Two records of 100 trials were recorded and analysed [16]. We excluded records with higher false positive errors (button press on a non-target stimulus) or false negative errors (no button press on a target stimulus) of ≥33% from the dataset. P300 latency was measured as the maximal positive peak after N2 within the range of 250 to 700 ms after stimulus presentation. P300 amplitude was measured from the peak of N2 to the peak of P300 (N2-P3). Mean reaction time (mean response time) was measured during the visual ERP test. All the responses recorded from Cz and Pz location were measured and analysed.

Statistical analysis

The data were organised in spreadsheets using Microsoft Excel software (Microsoft Corp., Redmond, WA, US). We compared P300 amplitude and latency among the four age groups using one-way ANOVA. For multiple comparisons across age ranges, we used the post hoc Tukey honestly significant difference (HSD) test. Pearson’s correlation coefficient (r) was calculated to find the relationship of P300 components with mean response time. Paired t-tests were used to compare the P300 latency and amplitude values recorded at Cz and Pz electrode sites.

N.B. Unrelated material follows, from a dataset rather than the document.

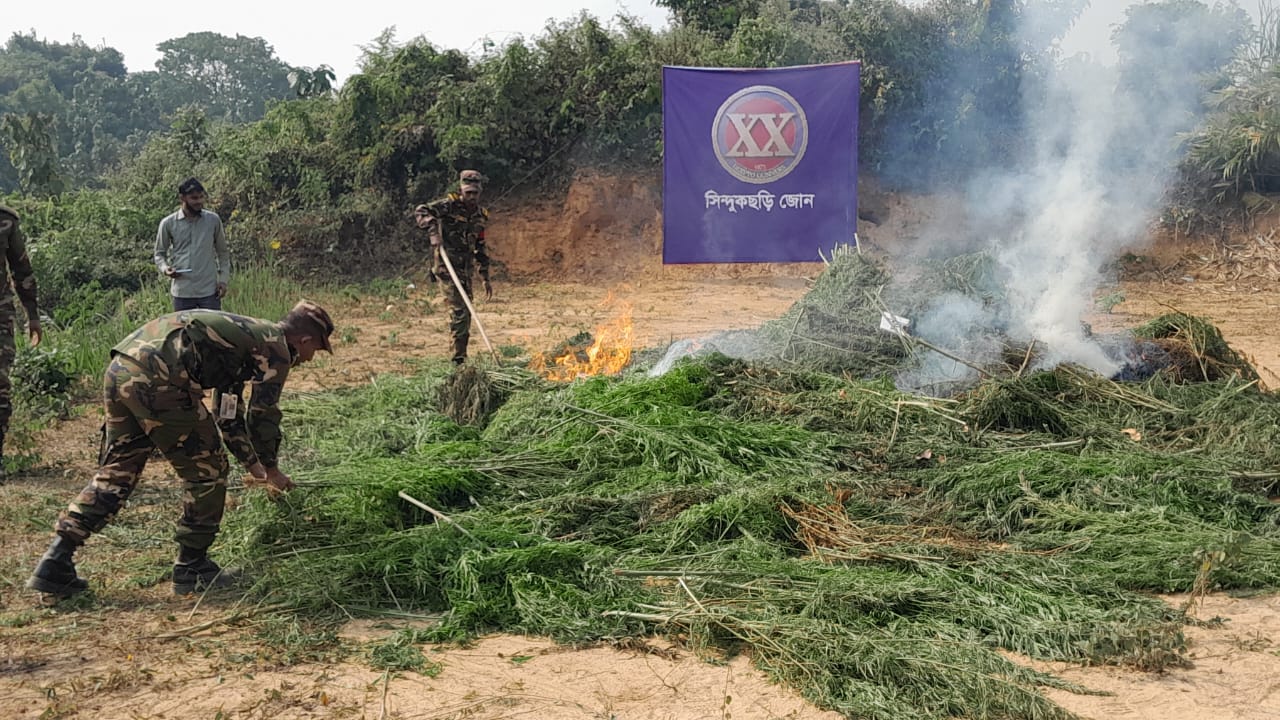গুইমারা সেনা বাহিনীর অভিযানে দুই একর জমির অর্ধ কোটি টাকার গাঁজা ধ্বংস

We considered p<0.05 as statistically significant. The analyses were performed using Stata statistical software version 12 (StataCorp LLC 4905 Lakeway Drive College Station, Texas 77845-4512 USA).

Results

The mean age (± SD) of the participants was 11.9±4.24 years (age range: 5-18 years). Thirty participants (50%) were males and 30 (50%) were females. We compared P300 latency and N2-P3 amplitudes among the participants in four different age group categories (5-7 years (group 1), 8-11 years (group 2), 12-14 years (group 3), and 15-18 years (group 4); each with 15 participants; Table 1). 

Table 1. Visual P300 latency (ms) and N2-P3 amplitude (μV) in different age groups of the participants (5-18 years, n=60).

*1p-value=9.18x10-9 (one-way ANOVA)

*2p-value=7.83x10-12 (one-way ANOVA)

*3p-value=0.000022 (one-way ANOVA)

*4p-value=0.000012 (one-way ANOVA)

The rare-frequent oddball paradigm consisted of blue-white and black-white checkerboards patterns (112 minutes, check size, reversal rate: 1 Hz) on a video monitor.

n=15 for each age group

SD: standard deviation; ms: milliseconds; µv: microvolts; ANOVA: analysis of variance; HSD: honestly significant difference; Hz: Hertz.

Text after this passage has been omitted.